Controlling Artifact Capture in Nested Agentic Tools

When an agentic tool orchestrates other tools, those sub-tools may return artifacts (via Tool.Result.WithArtifact). By default, artifacts from nested agentic tool calls are not captured—only the final result from the outermost agentic tool is returned.

This prevents intermediate artifacts from bubbling up when you only care about the final result. For example, if an outer assembleConcert tool calls an inner findPerformances tool, you typically want only the final Concert artifact, not all the intermediate Performance artifacts.

Use withCaptureNestedArtifacts(true) if you need to capture artifacts from nested agentic tools:

// Default: nested artifacts are NOT captured
SimpleAgenticTool concertAssembler = new SimpleAgenticTool("assembleConcert", "Assemble a concert program")
    .withTools(findPerformancesTool, createConcertTool);
// Only the Concert artifact from createConcert is returned

// Opt-in: capture all nested artifacts
SimpleAgenticTool fullCapture = concertAssembler.withCaptureNestedArtifacts(true);
// Both Performance artifacts from findPerformances AND Concert from createConcert are captured

Artifacts from regular (non-agentic) tools are always captured.

Tool Chaining

When working with objects returned by tools, you often want to expose @LlmTool methods on those objects as additional tools—but only after the object has been retrieved.
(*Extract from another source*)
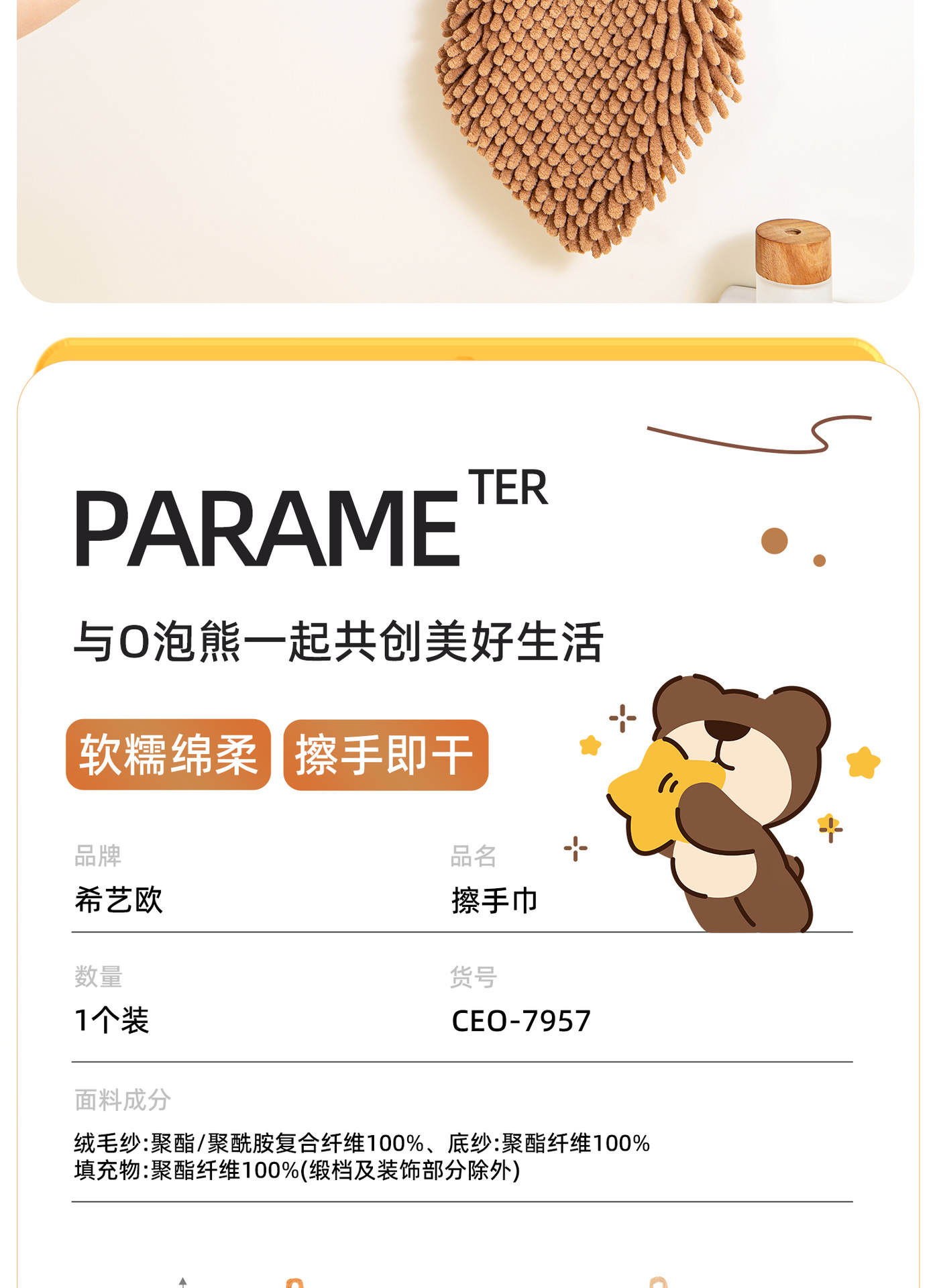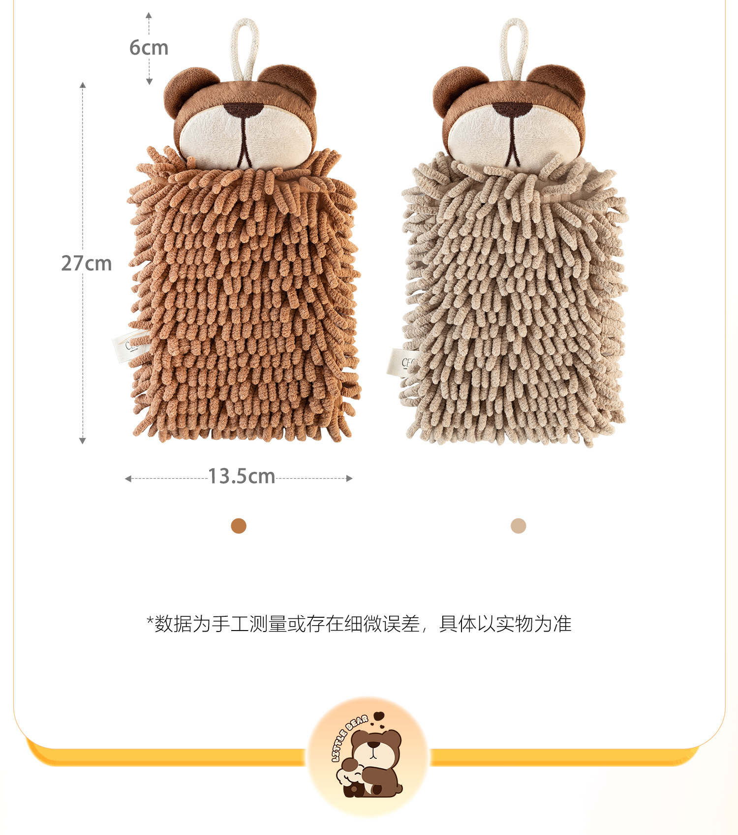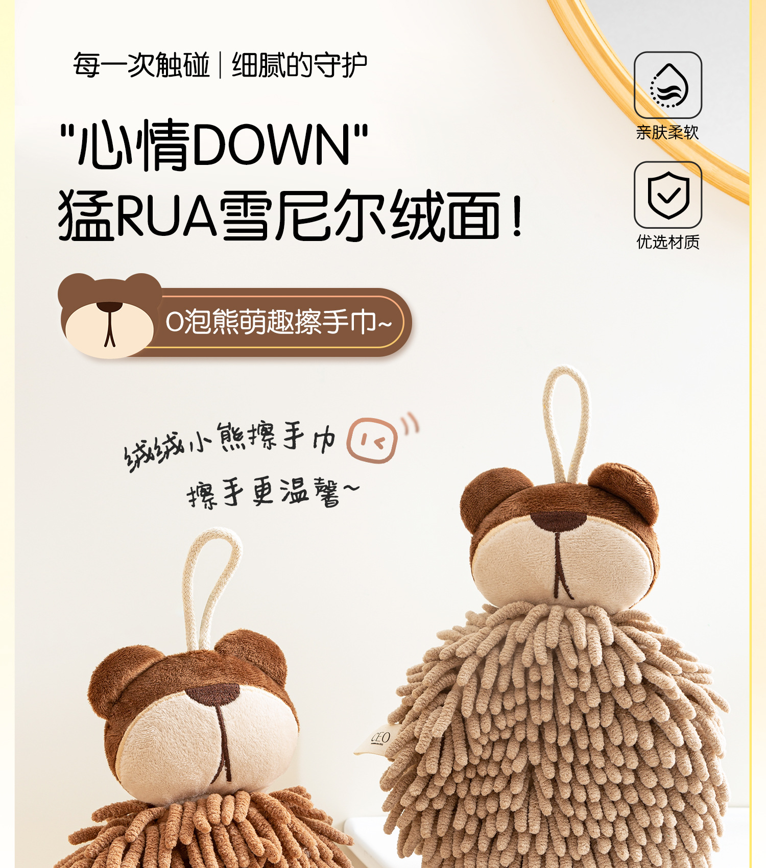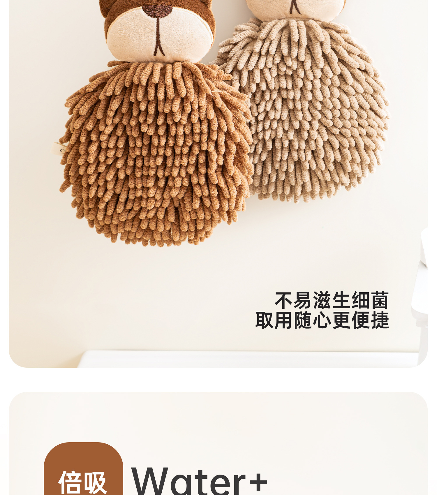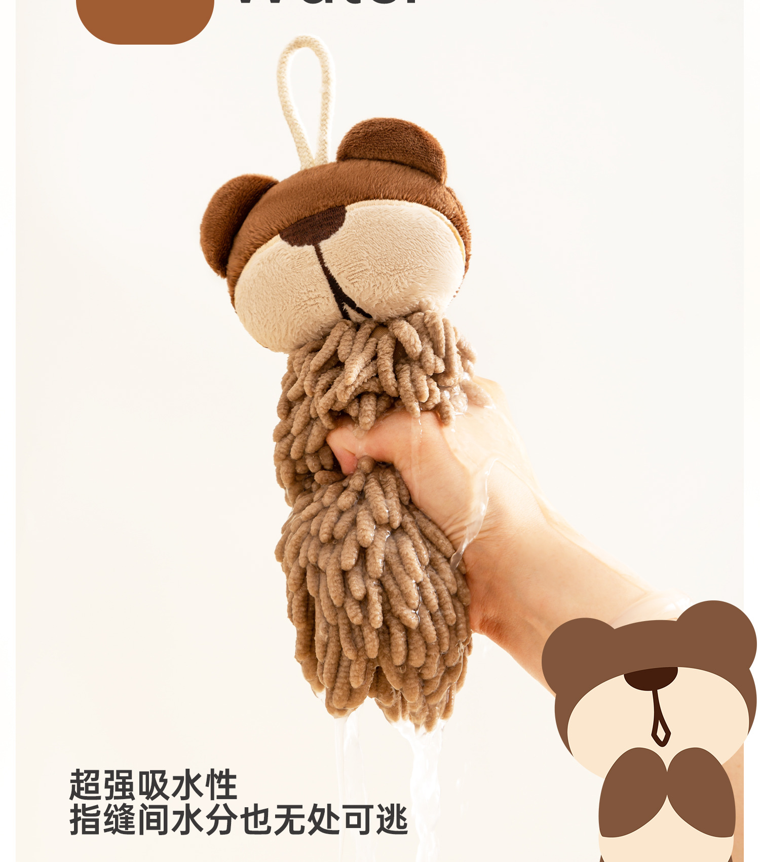 O泡熊雪尼爾擦手巾掛式吸水擦手球加厚速乾廚房衛生間洗手抹布

The withToolChainingFrom() method enables this pattern.

Tool chaining is available on both AgenticTool and PromptRunner, via the shared ToolChaining interface. This means you can use tool chaining not only in agentic tool loops, but also in simple createObject and generateText calls through PromptRunner. This is significant because it enables any action to dynamically discover and use tools from returned artifacts without requiring a full agentic tool setup.

When you register a class, placeholder tools are created for each @LlmTool method on that class. Initially, these tools return "not available yet" messages. When a tool returns an artifact matching the registered type, the placeholder tools become active and delegate to the bound instance.
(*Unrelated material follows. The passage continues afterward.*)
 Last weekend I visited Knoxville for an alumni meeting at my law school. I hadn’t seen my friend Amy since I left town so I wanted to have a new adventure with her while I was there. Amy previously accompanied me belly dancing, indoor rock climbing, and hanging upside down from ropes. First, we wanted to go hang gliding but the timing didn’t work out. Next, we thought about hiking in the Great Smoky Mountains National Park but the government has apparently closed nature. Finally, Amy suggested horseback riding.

Last Wins Semantics: When multiple artifacts of the same type are returned, only the most recent one’s tools are active. This ensures the LLM always works with the "current" instance.

// Domain class with tool methods
public class User {
    private final String id;
    private String email;

    @LlmTool("Update the user's email address")
    public String updateEmail(String newEmail) {
        this.email = newEmail;
        return "Email updated to " + newEmail;
    }
}

// Create agentic tool with tool chaining
SimpleAgenticTool userManager = new SimpleAgenticTool("userManager", "Manage user accounts")
    .withTools(searchUserTool, getUserTool)           // Tools to find/retrieve users
    .withToolChainingFrom(User.class);                // User methods become tools when retrieved

// Flow:
// 1. LLM calls searchUserTool to find users
// 2. LLM calls getUserTool which returns a User artifact
// 3. updateEmail() becomes available as a tool bound to that User
// 4. LLM calls updateEmail("new@example.com")

Predicate-Based Filtering

You can control which instances contribute tools using a predicate. The predicate receives the artifact and the current AgentProcess, allowing filtering based on object state or process context.

// Only expose tools for admin users
SimpleAgenticTool adminManager = new SimpleAgenticTool("adminManager", "Manage admin users")
    .withTools(searchUserTool, getUserTool)
    .withToolChainingFrom(User.class, (user, agentProcess) ->
        user.getRole().equals("admin")
    );

// Regular users won't have their tools exposed
// Only when an admin User is retrieved will updateEmail() become available

Auto-Discovery Mode

For maximum flexibility, use withToolChainingFromAny() to automatically discover and expose tools from any returned artifact that has @LlmTool methods. Unlike registered sources, auto-discovery replaces ALL previous bindings when a new artifact is discovered—ensuring only one "current" object’s tools are active at a time.

// Auto-discover tools from any returned object
SimpleAgenticTool explorer = new SimpleAgenticTool("explorer", "Explore and manipulate objects")
    .withTools(searchTool, getTool)
    .withToolChainingFromAny();  // Tools from any returned object are exposed

// Flow:
// 1. LLM calls getTool which returns a User -> User tools are available
// 2. LLM calls another getTool which returns an Order -> Order tools replace User tools
// 3. Only the most recent object's tools are active

This pattern is useful when:

• Objects have operations: The object itself knows how to perform actions (e.g., user.updateEmail(), order.cancel())
• Context-dependent tools: Operations only make sense after retrieving a specific instance
• Clean API design: Tools are defined on the class rather than as separate tool classes
• Exploratory workflows: The LLM dynamically works with whatever object is "current"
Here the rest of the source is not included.